→ Data to use
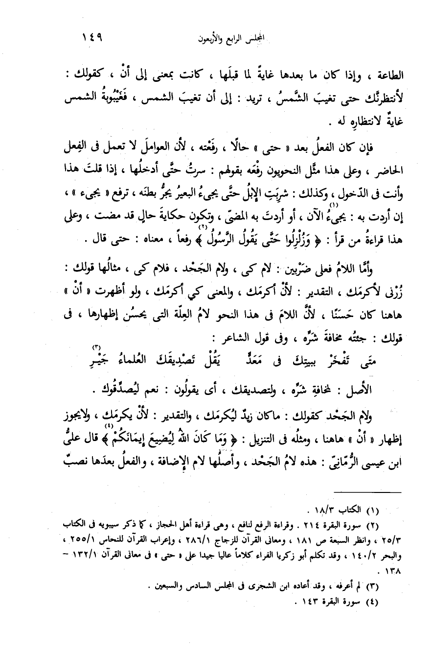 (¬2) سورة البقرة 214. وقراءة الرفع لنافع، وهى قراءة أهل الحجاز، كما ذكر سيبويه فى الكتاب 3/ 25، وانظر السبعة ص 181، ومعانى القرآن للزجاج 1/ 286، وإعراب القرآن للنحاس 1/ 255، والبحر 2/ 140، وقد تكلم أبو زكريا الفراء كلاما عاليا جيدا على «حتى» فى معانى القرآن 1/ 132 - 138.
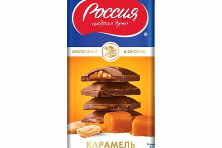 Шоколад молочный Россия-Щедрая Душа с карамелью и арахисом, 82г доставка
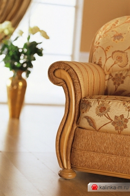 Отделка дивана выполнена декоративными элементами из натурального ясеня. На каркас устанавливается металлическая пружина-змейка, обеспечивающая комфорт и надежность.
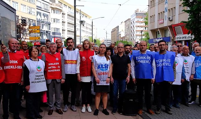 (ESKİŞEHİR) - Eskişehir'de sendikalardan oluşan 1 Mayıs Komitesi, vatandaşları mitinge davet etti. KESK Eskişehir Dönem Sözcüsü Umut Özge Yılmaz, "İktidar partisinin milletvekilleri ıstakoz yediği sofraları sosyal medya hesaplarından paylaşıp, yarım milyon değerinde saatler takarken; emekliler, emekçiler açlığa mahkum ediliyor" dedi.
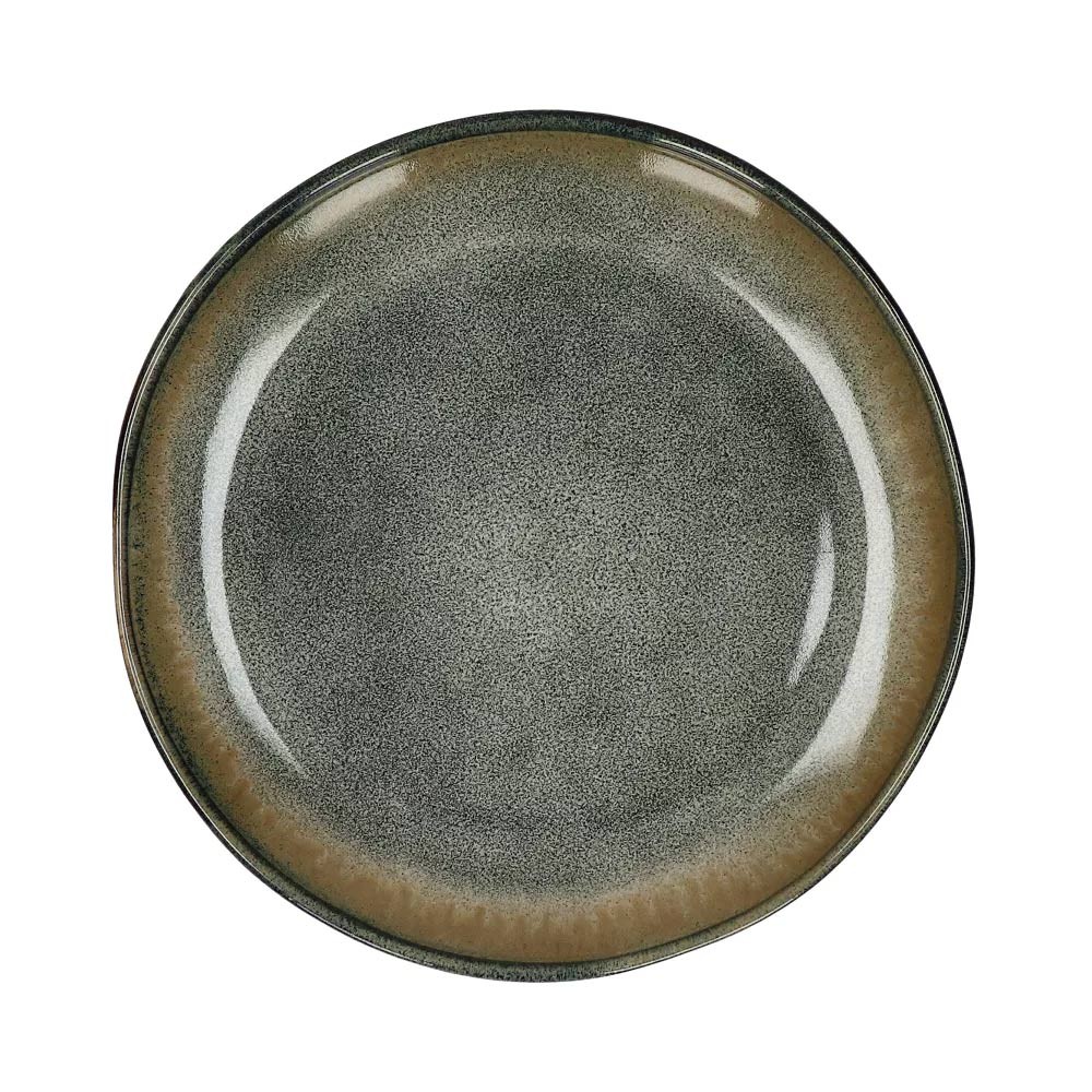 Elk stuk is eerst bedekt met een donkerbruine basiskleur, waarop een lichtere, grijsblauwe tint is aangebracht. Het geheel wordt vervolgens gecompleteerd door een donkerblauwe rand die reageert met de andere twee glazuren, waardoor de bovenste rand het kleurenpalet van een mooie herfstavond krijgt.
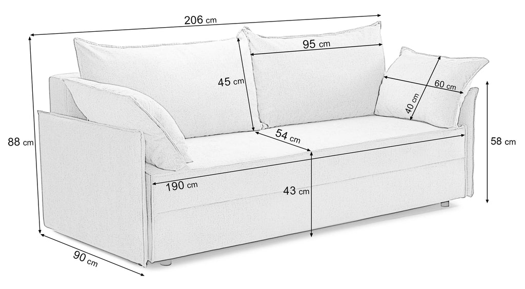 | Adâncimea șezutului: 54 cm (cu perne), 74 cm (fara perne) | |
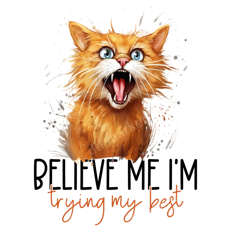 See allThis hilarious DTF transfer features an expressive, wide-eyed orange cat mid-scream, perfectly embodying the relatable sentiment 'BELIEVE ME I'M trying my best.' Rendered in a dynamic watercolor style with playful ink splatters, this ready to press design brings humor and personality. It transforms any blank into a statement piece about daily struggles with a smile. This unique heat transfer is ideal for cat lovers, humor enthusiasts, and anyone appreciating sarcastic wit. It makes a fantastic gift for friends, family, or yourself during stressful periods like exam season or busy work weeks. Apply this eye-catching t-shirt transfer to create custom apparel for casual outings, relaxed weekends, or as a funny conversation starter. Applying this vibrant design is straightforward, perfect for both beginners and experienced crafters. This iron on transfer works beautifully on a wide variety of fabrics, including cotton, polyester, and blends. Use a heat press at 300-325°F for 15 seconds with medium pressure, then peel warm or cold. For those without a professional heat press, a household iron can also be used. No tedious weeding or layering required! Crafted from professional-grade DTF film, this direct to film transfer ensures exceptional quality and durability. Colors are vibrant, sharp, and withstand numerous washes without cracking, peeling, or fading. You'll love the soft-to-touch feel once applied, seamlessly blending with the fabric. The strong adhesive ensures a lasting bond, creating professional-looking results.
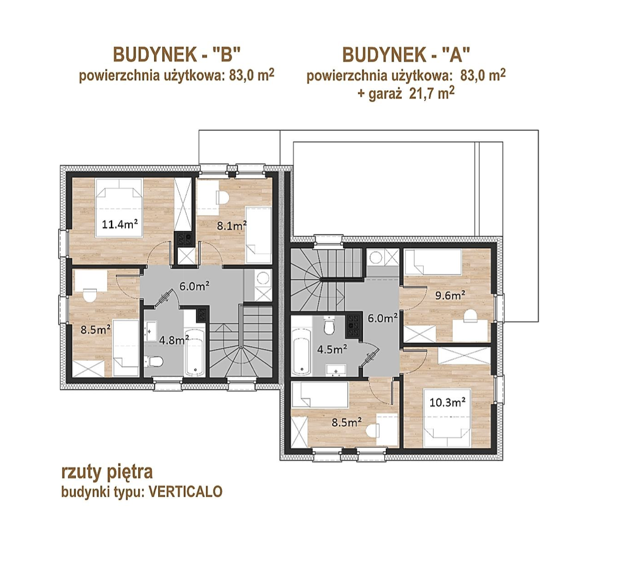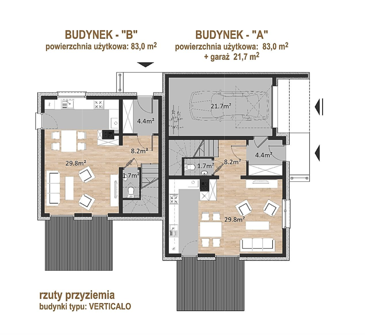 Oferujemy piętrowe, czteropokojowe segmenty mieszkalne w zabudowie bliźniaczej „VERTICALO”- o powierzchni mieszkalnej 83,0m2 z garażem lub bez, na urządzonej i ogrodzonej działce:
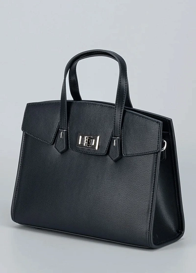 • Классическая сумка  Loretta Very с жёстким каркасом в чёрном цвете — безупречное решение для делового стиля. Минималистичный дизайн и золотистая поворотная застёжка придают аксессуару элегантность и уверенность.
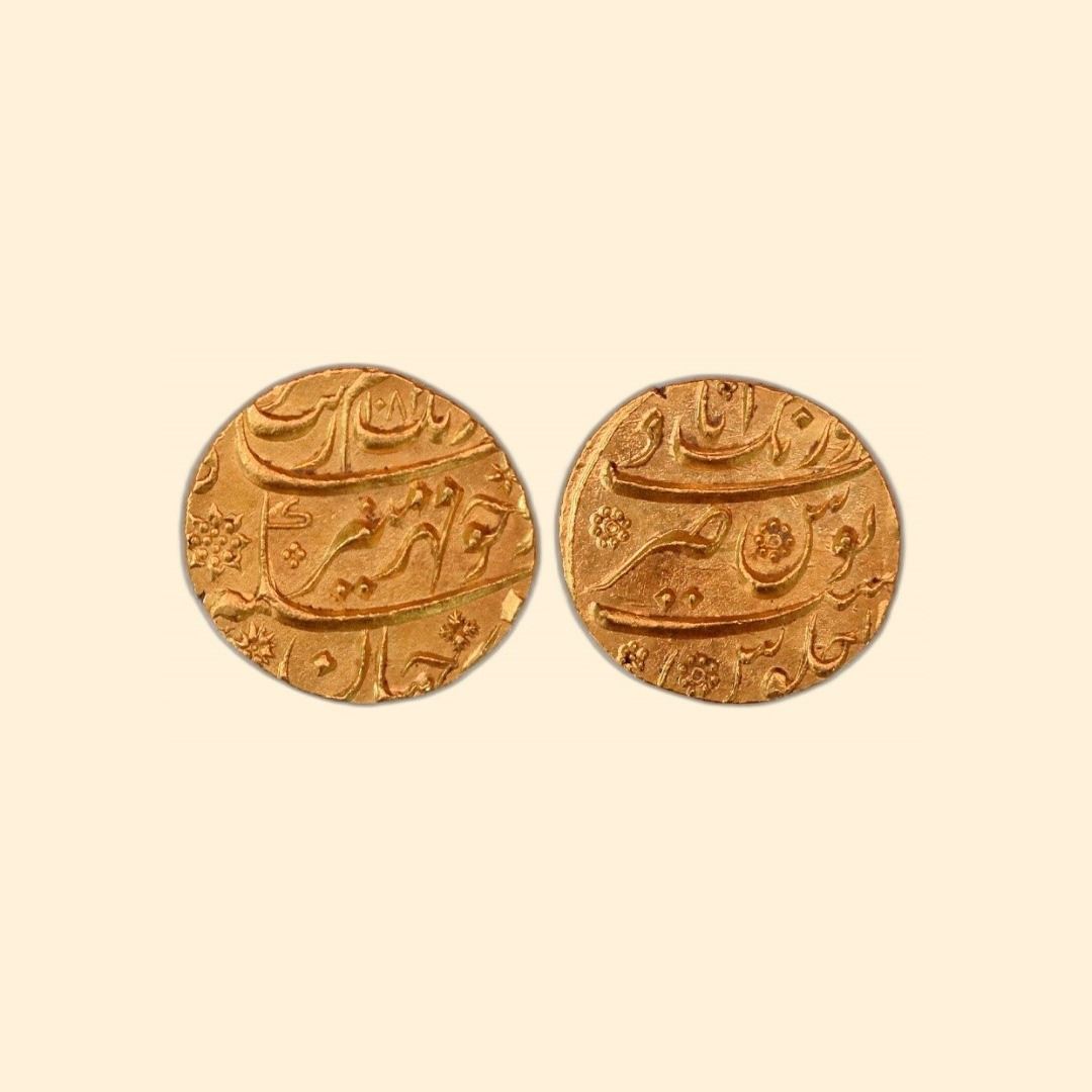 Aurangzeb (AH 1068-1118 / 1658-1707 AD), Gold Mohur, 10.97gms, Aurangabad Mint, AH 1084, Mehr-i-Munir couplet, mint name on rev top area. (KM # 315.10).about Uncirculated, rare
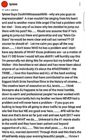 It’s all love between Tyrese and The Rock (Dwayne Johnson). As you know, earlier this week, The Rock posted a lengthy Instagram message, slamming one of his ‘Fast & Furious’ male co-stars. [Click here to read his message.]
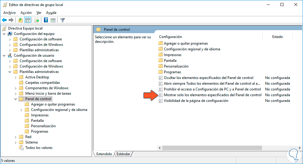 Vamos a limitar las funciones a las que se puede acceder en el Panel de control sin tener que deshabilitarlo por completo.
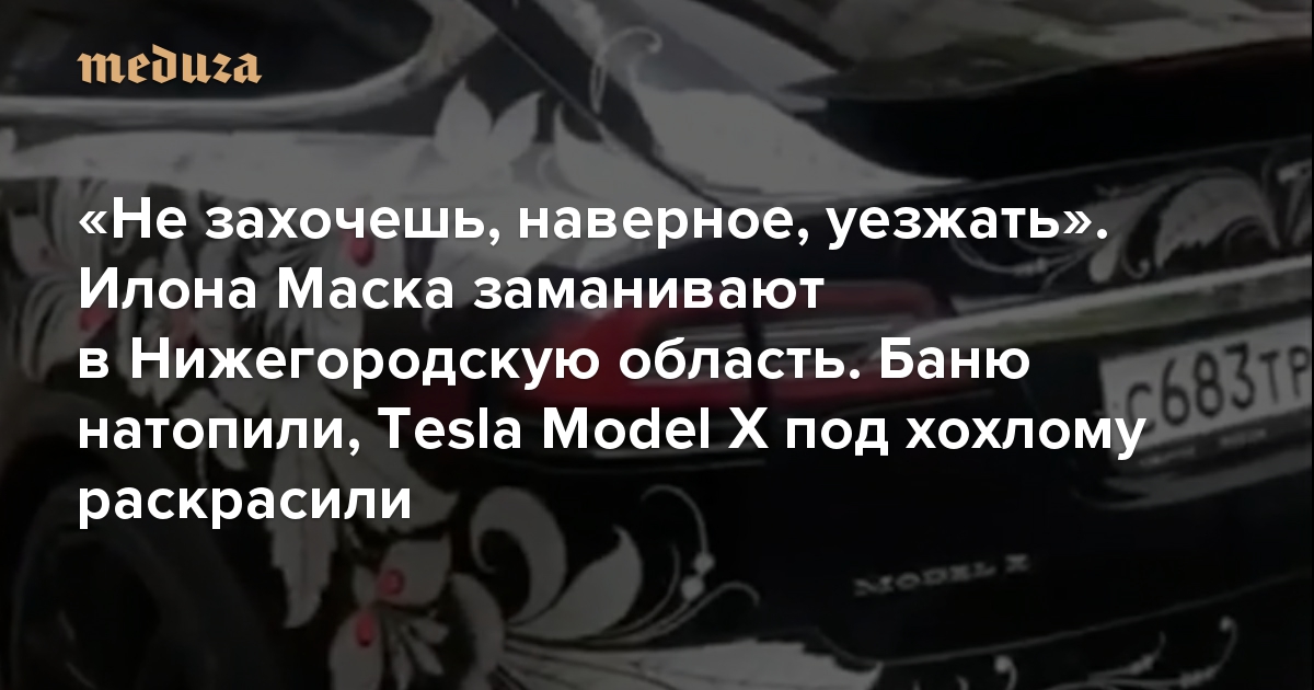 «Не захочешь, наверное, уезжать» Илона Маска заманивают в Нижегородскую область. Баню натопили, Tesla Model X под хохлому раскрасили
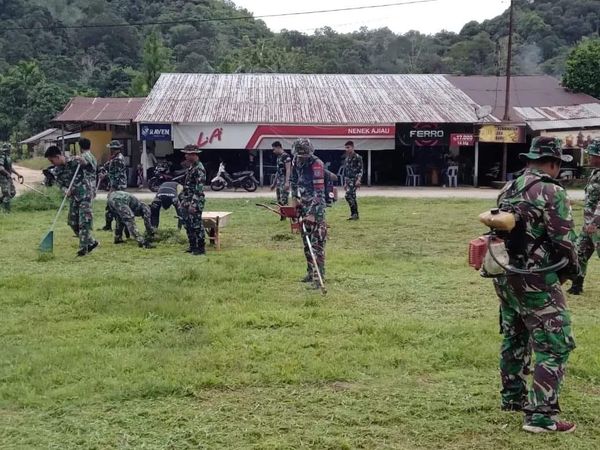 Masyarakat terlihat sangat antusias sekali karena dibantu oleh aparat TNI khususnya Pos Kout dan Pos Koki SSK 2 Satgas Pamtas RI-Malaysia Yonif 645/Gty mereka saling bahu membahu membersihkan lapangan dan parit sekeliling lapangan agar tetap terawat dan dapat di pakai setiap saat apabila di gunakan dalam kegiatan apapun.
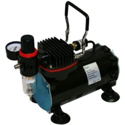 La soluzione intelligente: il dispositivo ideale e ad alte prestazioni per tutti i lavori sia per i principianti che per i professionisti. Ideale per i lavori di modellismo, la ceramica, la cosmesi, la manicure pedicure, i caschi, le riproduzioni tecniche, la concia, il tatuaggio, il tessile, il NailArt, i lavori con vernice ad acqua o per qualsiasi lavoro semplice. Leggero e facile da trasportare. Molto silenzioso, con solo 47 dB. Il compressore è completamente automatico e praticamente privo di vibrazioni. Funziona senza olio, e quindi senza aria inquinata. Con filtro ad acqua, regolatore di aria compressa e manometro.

→ Your instructions
Print once more, exactly, the lines that start at the top of the records above and end at the line with "(ESKİŞEHİR) - Eskişehir'de", skipping all pictures.

→ Solution to this problem
 (¬2) سورة البقرة 214. وقراءة الرفع لنافع، وهى قراءة أهل الحجاز، كما ذكر سيبويه فى الكتاب 3/ 25، وانظر السبعة ص 181، ومعانى القرآن للزجاج 1/ 286، وإعراب القرآن للنحاس 1/ 255، والبحر 2/ 140، وقد تكلم أبو زكريا الفراء كلاما عاليا جيدا على «حتى» فى معانى القرآن 1/ 132 - 138.
 Шоколад молочный Россия-Щедрая Душа с карамелью и арахисом, 82г доставка
 Отделка дивана выполнена декоративными элементами из натурального ясеня. На каркас устанавливается металлическая пружина-змейка, обеспечивающая комфорт и надежность.
 (ESKİŞEHİR) - Eskişehir'de sendikalardan oluşan 1 Mayıs Komitesi, vatandaşları mitinge davet etti. KESK Eskişehir Dönem Sözcüsü Umut Özge Yılmaz, "İktidar partisinin milletvekilleri ıstakoz yediği sofraları sosyal medya hesaplarından paylaşıp, yarım milyon değerinde saatler takarken; emekliler, emekçiler açlığa mahkum ediliyor" dedi.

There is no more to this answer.